The assessment has two parts, which are given below:
Part A
You need to search for open datasets, import some medical data and manipulate the data by using appropriate visualisation tools or libraries of your choice. The visualisation of the chosen dataset must be documented with providing rationale behind using either of the tools, and its relevance in the healthcare sector.
Some sources of open datasets which can be explored:
Office for National Statistics
You can also use other relevant sources to gather your health dataset. Your report should justify your choice of datasets and be informed by research.
Data Preparation: Assess the quality of your data using suitable techniques. Clean the data if and as necessary. Your report should document and justify any techniques you have utilised to assess the quality of the data. Your justification must be informed by research.

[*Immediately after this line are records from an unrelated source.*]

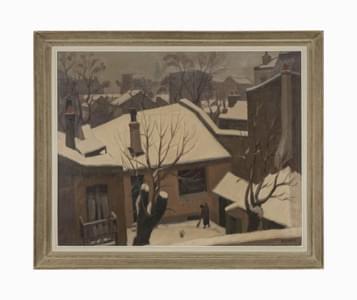 Village en hiver avec des enfants sur une luge, huile sur pannea...
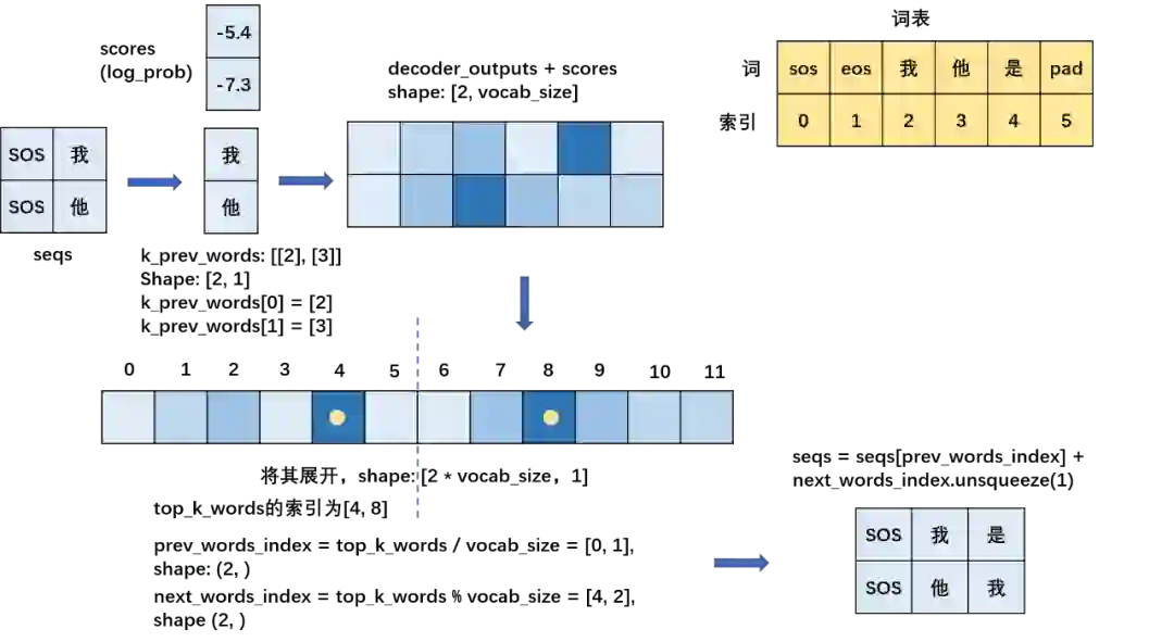 具体来说,我们先将sos token复制k次,组织成(k, 1)的形状,送入decoder,得到形如(k, vocab_size)的logit值(经过log_softmax后),与之前保存的log_prob向量相加后,将其展开为(k*vocab_size, 1)的形状(方便直接找到topk大的值的索引)。执行topk后得到的索引可以同时求出前一个时刻的单词索引向量prev_words_index (形状为(k))和当前需要输出的单词索引向量next_words_index (形状为(k)),满足下列关系:
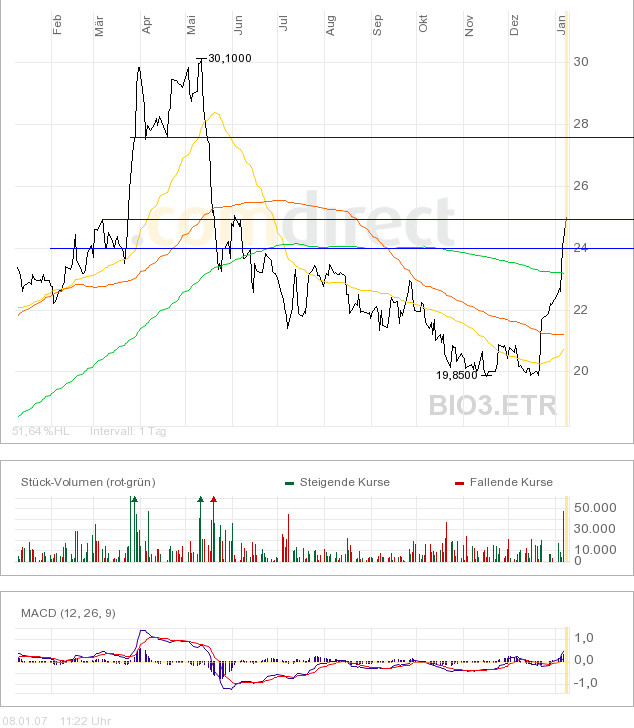 Kulmbach (aktiencheck.de AG) - Für die Experten vom Anlegermagazin "Der Aktionär" ist die Biotest-Aktie (ISIN DE0005227235/ WKN 522723, VZ) ein klarer Kauf. Mit der Erfindung eines Blut-Tests zur Bestimmung des Rhesusfaktors habe Biotest im Jahr 1948 Medizingeschichte geschrieben. Innovative Produkte zu entwickeln, sei auch heute noch das Ziel des Konzerns. Dieser sei in den Segmenten Pharmaprodukte (größter Wachstumstreiber), Biotherapeutika und Diagnostik aktiv. Biotest habe vor kurzem für das Hyperimmunglobulin Cytotect von der FDA in der Indikation Behandlung von Cytomegalie-Infektionen während der Schwangerschaft den Status als Orphan Drug erhalten. Denselben Status habe die europäische Zulassungsbehörde EMEA Cytotect bereits vor einigen Wochen für Europa erteilt. In den Vereinigten Staaten und Europa erwarte Biotest für die neue Indikation ein zusätzliches Marktpotenzial von 70 Mio. EUR jährlich. In den ersten neun Monaten des Geschäftsjahres 2006 habe Biotest den Umsatz um 17,5 Prozent auf 207,9 Mio. EUR steigern können. Dabei sei das EBIT um 19 Prozent auf 21,9 Mio. EUR gewachsen. Für das laufende Geschäftsjahr erwarte das Unternehmen einen Umsatzanstieg von mindestens 10 Prozent und eine überproportionale Gewinnsteigerung. Experten würden dieses Jahr bei Immunglobulinen, auf Grund eines Nachfrageüberhangs, signifikante Preissteigerungen in Aussicht stellen. Biotest werde von dieser Entwicklung stark profitieren. Hochinteressant sei darüber hinaus, dass Biotest mit BT-061 (Indikationen rheumatoide Arthritis und Schuppenflechte) einen potenziellen Blockbuster im Gepäck habe. Neben diesen positiven Perspektiven überzeuge auch das aktuelle Chartbild der Biotest-Vorzugsaktie. Nach Ansicht der Experten vom Anlegermagazin "Der Aktionär" ist die Biotest-Aktie für spekulative Anleger ein klarer Kauf. Das Kursziel sehe man bei 33 EUR. (Ausgabe 3) (10.01.2007/ac/a/nw)
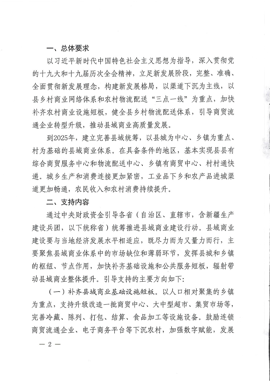 財政部、商務部、國家鄉村振興局關于支持實施縣域商業建設行動的通知
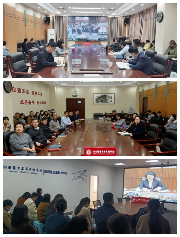 12月5日,教育部、人力資源和社會(huì)保障部召開2024屆全國普通高校畢業(yè)生就業(yè)創(chuàng)業(yè)工作視頻會(huì)議,河南醫(yī)學(xué)高等專科學(xué)校在圖文信息中心第一會(huì)議室、信息化運(yùn)維指揮中心設(shè)立分會(huì)場(chǎng)。校長孫韜,校黨委副書記、工會(huì)主席李鵬濤,各學(xué)院黨總支書記、院長,就業(yè)專員,全體畢業(yè)班輔導(dǎo)員,大學(xué)生就業(yè)創(chuàng)業(yè)指導(dǎo)中心相關(guān)人員收聽收看視頻會(huì)議。
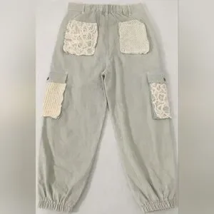 POL Crochet Overlayed Pockets Cargo Jogger Pants featuring unique crochet lace pocket detailing for a boho-utility look. Made from 100% cotton for breathable comfort with an easy, relaxed fit. Elastic waist and jogger cuffs create a flattering silhouette — perfect for casual wear, festivals, or styled street looks.
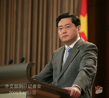 2008年6月5日下午,外交部发言人秦刚举行例行记者会,就习近平副主席出访、朝核、伊朗核、达尔富尔等问题答问。
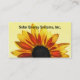 Esta tarjeta de visita es un anuncio para un equipo y una compañía de energía solar de la instalación. El frente ofrece un naranja, un amarillo y un girasol hermosos del oro abierto de par en par contra un fondo amarillo claro. Todo el texto se puede modificar para requisitos particulares para caber sus necesidades del negocio personal.
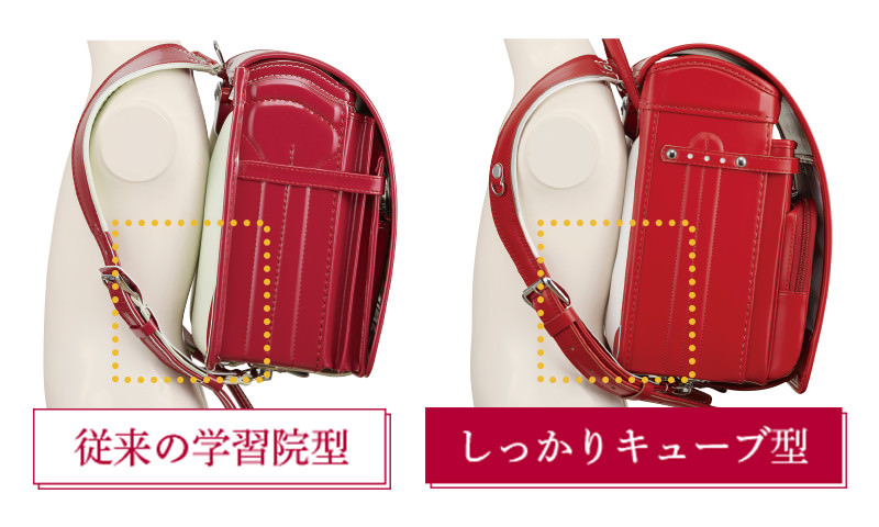 フジタのランドセルは、お子さまの背中と接する面が広い=「ランドセルの重みを分散して背中全体で支えるつくり」となっております。

Data Exploration: Utilise suitable data mining tools and analysis techniques to find significant patterns and trends (SPSS, Excel, Tableau, WEKA, Python libraries, etc). Explain the patterns you have observed.
Part B
Your report should clearly present a proposal on how you identified a problem in the dataset and how you can construct a model to make predictions or forecast trends.
Data Modelling and Visualisation: Use appropriate tools to perform some visualisation on the chosen dataset. The choice is yours, based on your future intention of work and also the familiarity of the tool. Your report should document and justify the techniques you have used to mine and analyse the data and the patterns or trends that were discovered. Finally, construct a model that can make some predictions or forecast trends.
Evaluation: Critically evaluate your results and compare your findings to other similar studies.
For both part A and B, it is important to provide evidence (related work) from the literature and case study examples for your chosen tool in the healthcare data analysis domain.
You will need to produce screenshots of data analysis and visualisation results and code snippets where appropriate (your artefacts) within the report. You should also submit your artefacts, i.e, Python codes/ Tableau files/ demo etc in a zipped folder.
NOTE: You will be expected to demonstrate your artefacts (short presentation or recorded video up to 7 minutes maximum as specified by the module leader, this will be communicated to you closer to date).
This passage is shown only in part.